Red Hat Bugzilla – Bug 1461561
virtio-blk: drain block before cleanup missing
Last modified: 2017-08-02 00:43:29 EDT
Description of problem: the following problem was reported against QEMU 2.7: https://lists.gnu.org/archive/html/qemu-devel/2017-06/msg02996.html 1. Customer commands Disk hot-unplug via Web-based application. 2. The application sends "device_del" that sometimes takes unpredictable time. 3. There are some inflight IOs 4. Customer does reboot or shutdown the guest OS 4. Qemu process generates segfault.
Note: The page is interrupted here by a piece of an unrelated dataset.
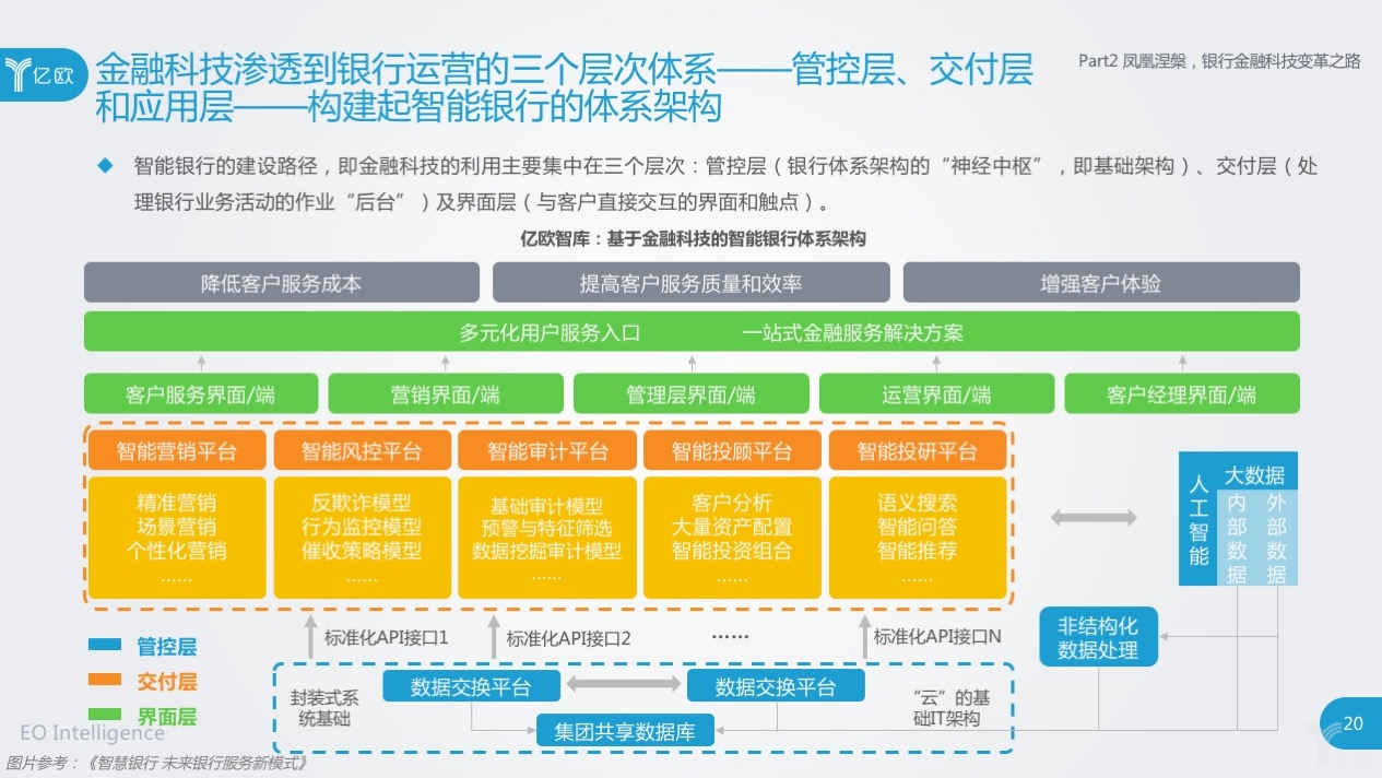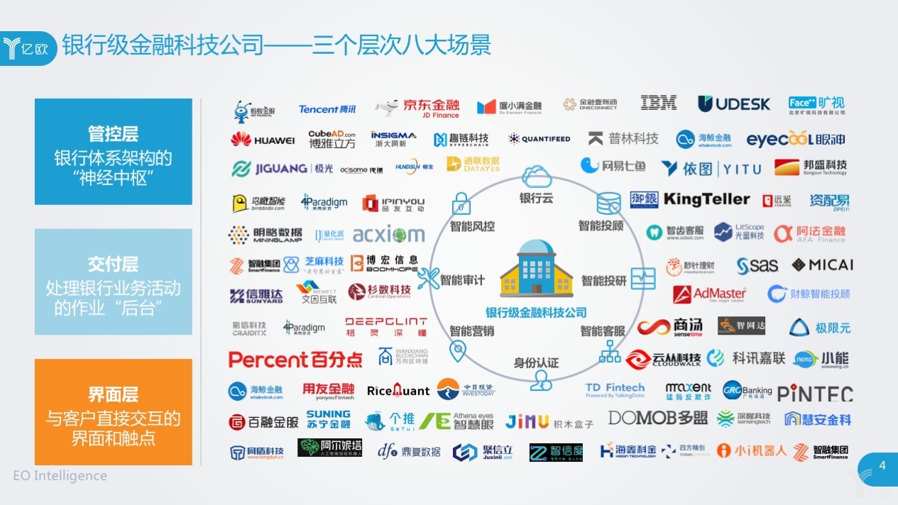 亿欧认为,金融科技公司服务银行贯穿银行运营的三个层次体系:管控层(银行体系架构的“神经中枢”,即基础架构)、交付层(处理银行业务活动的作业“后台”)及界面层(与客户直接交互的界面和触点),主要涉及八大应用场景——银行云、智能营销、智能风控、智能审计、智能投顾、智能投研、智能客服、生物认证。

If a disk is unplugged with "device_del" and "drive_del" commands, qemu does not generate problem. But if only "device_del" command are finished and guest os reboots, qemu generates segfault. I can reproduce that case easily with following commands 1. generate heavy IO on disk in Guest OS 2. run "device_del" on the qemu monitor 3. run "system_reboot" on the qemu monitor According to AdressSanitizer, VirtQueue is freed by virtio_cleanup but dereferenced by asynchronous request. I think asynchronous requests should be finished before virtio_cleanup, so I added blk_drain() before virtio_cleanup. Following is configure options I used to build qemu with AddressSanitizer. ./configure --target-list=x86_64-softmmu --extra-cflags="-fsanitize=address -fno-omit-frame-pointer" --enable-debug Looking at code, it seems to affect potentially all of 7.0-7.3.
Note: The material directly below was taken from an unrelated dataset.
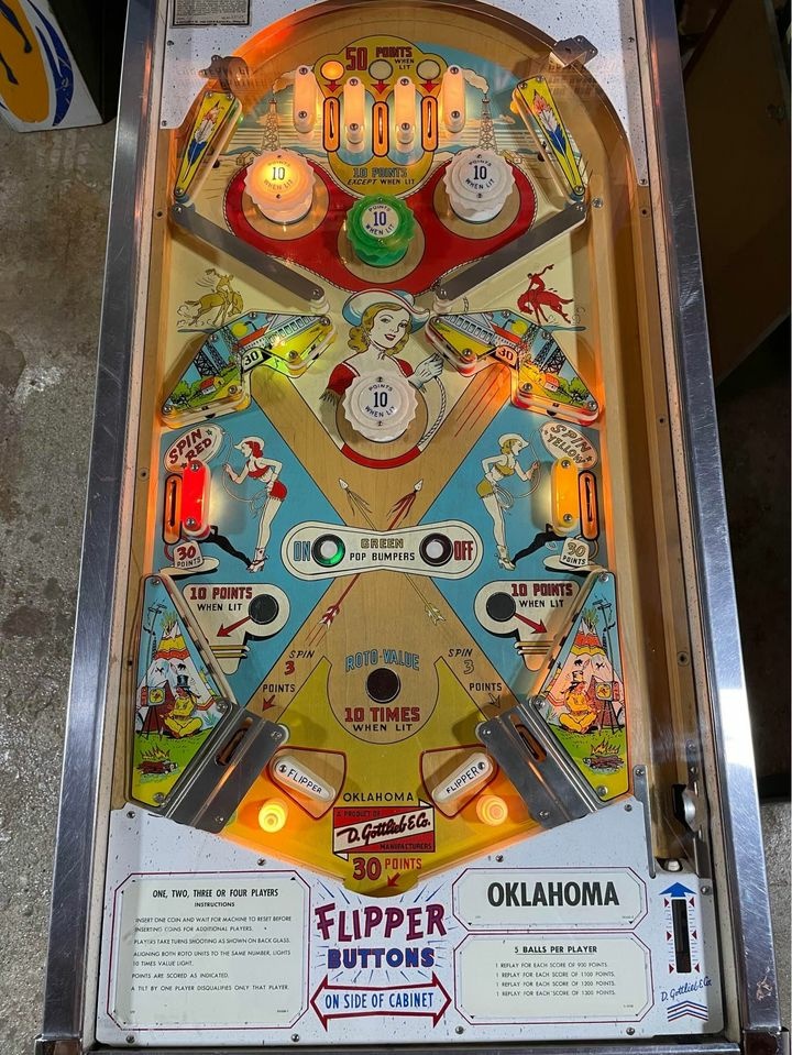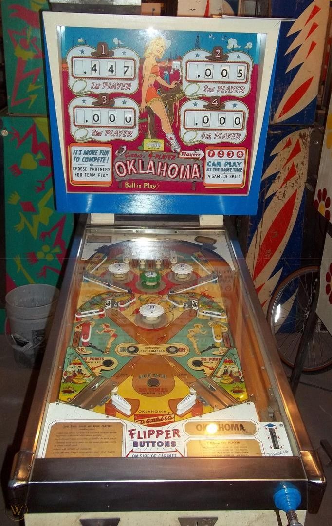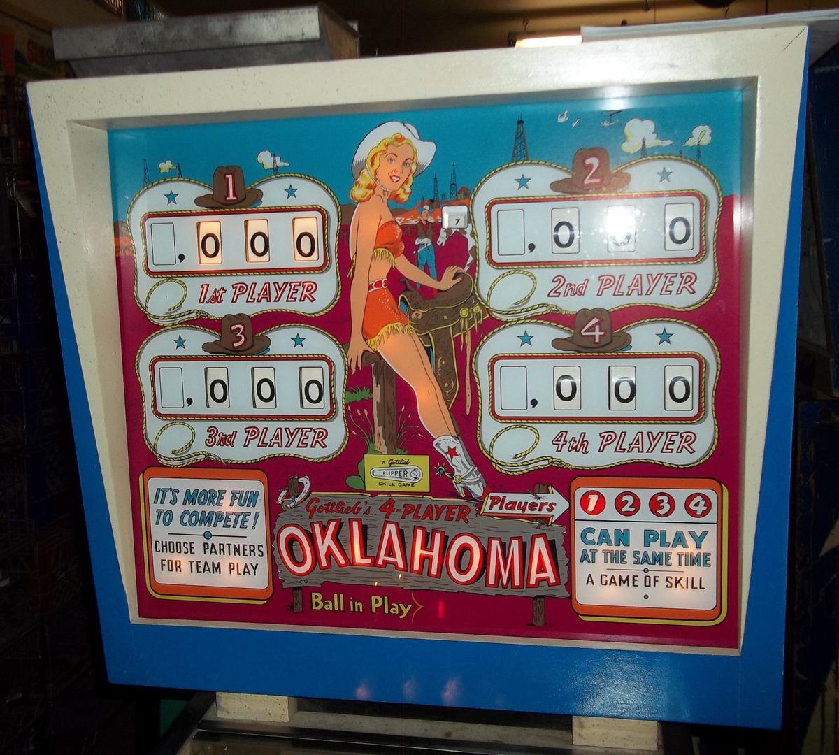 "Oklahoma" is a four-player electro-mechanical pinball machine released by D. Gottlieb & Co. in February 1961. Designed by Wayne Neyens with artwork by Roy Parker, the game features two flippers, four pop bumpers, two slingshots, two ball kickers, and two roto-targets.

I can reproduce it on kernel:3.10.0-514.el7.x86_64+qemu-kvm-rhev:qemu-kvm-rhev-2.6.0-28.el7_3.9.x86_64. Test Steps: 1.Start guest with qemu cmd: #cat blk_test.txt /usr/libexec/qemu-kvm \ -sandbox off \ -machine pc \ -nodefaults \ -vga cirrus \ -chardev socket,id=qmp_id_qmpmonitor1,path=/var/tmp/monitor-qmpmonitor1-20170614-233639-etu9X2zc,server,nowait \ -mon chardev=qmp_id_qmpmonitor1,mode=control \ -chardev socket,id=qmp_id_catch_monitor,path=/var/tmp/monitor-catch_monitor-20170614-233639-etu9X2zc,server,nowait \ -mon chardev=qmp_id_catch_monitor,mode=control \ -device pvpanic,ioport=0x505,id=idhq2DAN \ -chardev socket,id=serial_id_serial0,path=/var/tmp/serial-serial0-20170614-233639-etu9X2zc,server,nowait \ -device isa-serial,chardev=serial_id_serial0 \ -chardev socket,id=seabioslog_id_20170614-233639-etu9X2zc,path=/var/tmp/seabios-20170614-233639-etu9X2zc,server,nowait \ -device isa-debugcon,chardev=seabioslog_id_20170614-233639-etu9X2zc,iobase=0x402 \ -device ich9-usb-ehci1,id=usb1,addr=0x1d.7,multifunction=on,bus=pci.0 \ -device ich9-usb-uhci1,id=usb1.0,multifunction=on,masterbus=usb1.0,addr=0x1d.0,firstport=0,bus=pci.0 \ -device ich9-usb-uhci2,id=usb1.1,multifunction=on,masterbus=usb1.0,addr=0x1d.2,firstport=2,bus=pci.0 \ -device ich9-usb-uhci3,id=usb1.2,multifunction=on,masterbus=usb1.0,addr=0x1d.4,firstport=4,bus=pci.0 \ -drive id=drive_image1,if=none,snapshot=off,aio=native,cache=none,format=qcow2,file=/home/kvm_autotest_root/images/rhel73-64-virtio.qcow2 \ -device virtio-blk-pci,id=image1,drive=drive_image1,bootindex=1,bus=pci.0,addr=0x3 \ -drive id=data,if=none,snapshot=off,aio=native,cache=none,format=qcow2,file=/home/data_disk.img \ -device virtio-blk-pci,id=data1,drive=data,bus=pci.0 \ -device virtio-net-pci,mac=9a:43:44:45:46:47,id=idvMp6XX,vectors=4,netdev=id9qJxPT,bus=pci.0 \ -netdev tap,id=id9qJxPT,vhost=on \ -m 4096 \ -smp 6,cores=2,threads=1,sockets=3 \ -cpu host \ -device usb-tablet,id=usb-tablet1,bus=usb1.0,port=1 \ -vnc :0 \ -rtc base=utc,clock=host,driftfix=slew \ -boot order=cdn,once=d,menu=off,strict=off \ -no-shutdown \ -enable-kvm \ -monitor stdio \ -spice ipv4,port=5000,disable-ticketing \ 2. Run IO test in guest: (guest)# dd if=/dev/zero of=/dev/vdb bs=1M count=40000000 3. Delete vdb before IO test finished in step2. (qemu)device_del data1 4. Reboot guest before IO test finished. (qemu)system_reset Test Result: blk_test.txt: line 36: 16879 Floating point exception(core dumped)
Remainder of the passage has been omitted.